The network input is of fixed size 32x32[pixel]=1024.
The object images are resized either by width or by height depending on which is larger to fit into the final image size of 32x32.

- For a first approach I set all missing pixel to "0" (black) resulting in black bars on top, bottom or left, right side.
Example: Image with "0"s on left and right side

I tried several network designs and decided for 1024 inputs, 49 neurons in layer 1, 24 neurons in layer 2, 2 output neurons.
Unfortunately I have only 230 learn data and around 200 test data. The result is 88% accuracy.
However I'm not sure that this approach will really work because it seems that the black bars have a strong influence on the weights?!
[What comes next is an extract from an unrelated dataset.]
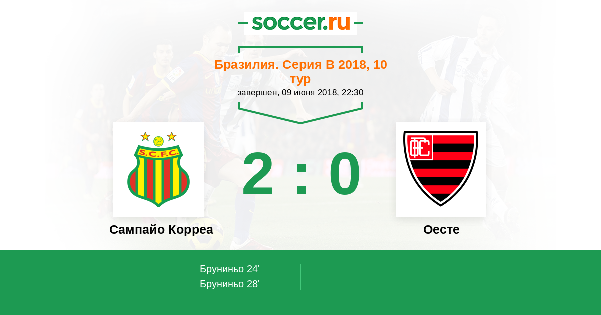 Протокол матча Сампайо Корреа против Оесте
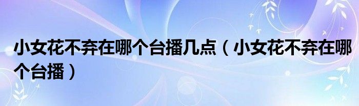 大家好,小晋来为大家解答以下问题,关于小女花不弃在哪个台播几点,小女花不弃在哪个台播很多人还不知道,今天让我们一起来看看吧!

- Now the second approach was to fill the missing pixel with the mean gray pixel value of the original image.
However the learning algorithm does not find a global minimum.

Can anyone give some advise how to preprocess the images?
My idea was to use canny edge filtering getting a black background for all images or histogram equalization ?!?!?

Note: The approach should also work in darkness meaning dark background at night and light background at day.

Re: How to prepare different image sizes for classification?

PostPosted: Wed Feb 27, 2019 6:03 am
by vedika31
(1) Large-batch size
In theory, a larger mini-batch size should help the network converge to a better minimum and therefore better final accuracy. People usually get stuck here because of GPU memory, since the biggest consumer GPUs one can buy only go up to 12GB (for the Titan X) and 16GB on the cloud (for the V100). There are 2 ways we can get around that challenge:
(1) Distributed training: Split up your training over multiple GPUs. on each training step, your batch will be split up across the available GPUs. For example, if you have a batch size of 8 and 8 GPUs, then each GPU will process one image. You’ll then combine all the gradients and outputs at the end. You do take a small hit from the data transfer between GPUs, but still gain a big speed boost from the parallel processing. This functionality is supported right out of the box in many deep learning libraries, including Keras
(2) Changing the batch and image size during training: Part of the reason why many research papers are able to report the use of such large batch sizes is that many standard research datasets have images that aren’t very big. When training networks on ImageNet for example, most state-of-the-art network used crops between 200 and 350; of course they can have large batches with such small image sizes! In practice, due to current camera technology, most of the time we are working with images that are 1080p or at least not too far off from it.
To get around this small bump in the road, you can start off your training with smaller images and larger batch size. Do this by downsampling your training images. You’ll then be able to fit many more of them into one batch. With the large batch size + small images you should be able to already get some decent results. To complete the training of your network, fine tune it with a smaller learning rate and large images with a smaller batch size. This will get the network to re-adapt to the higher resolution and the lower learning rate keeps the network from jumping away from the good minimum found from the large batch. As a result, your network is able to get to a good minimum from the large batch training and works well on your high-resolution images from the fine tuning.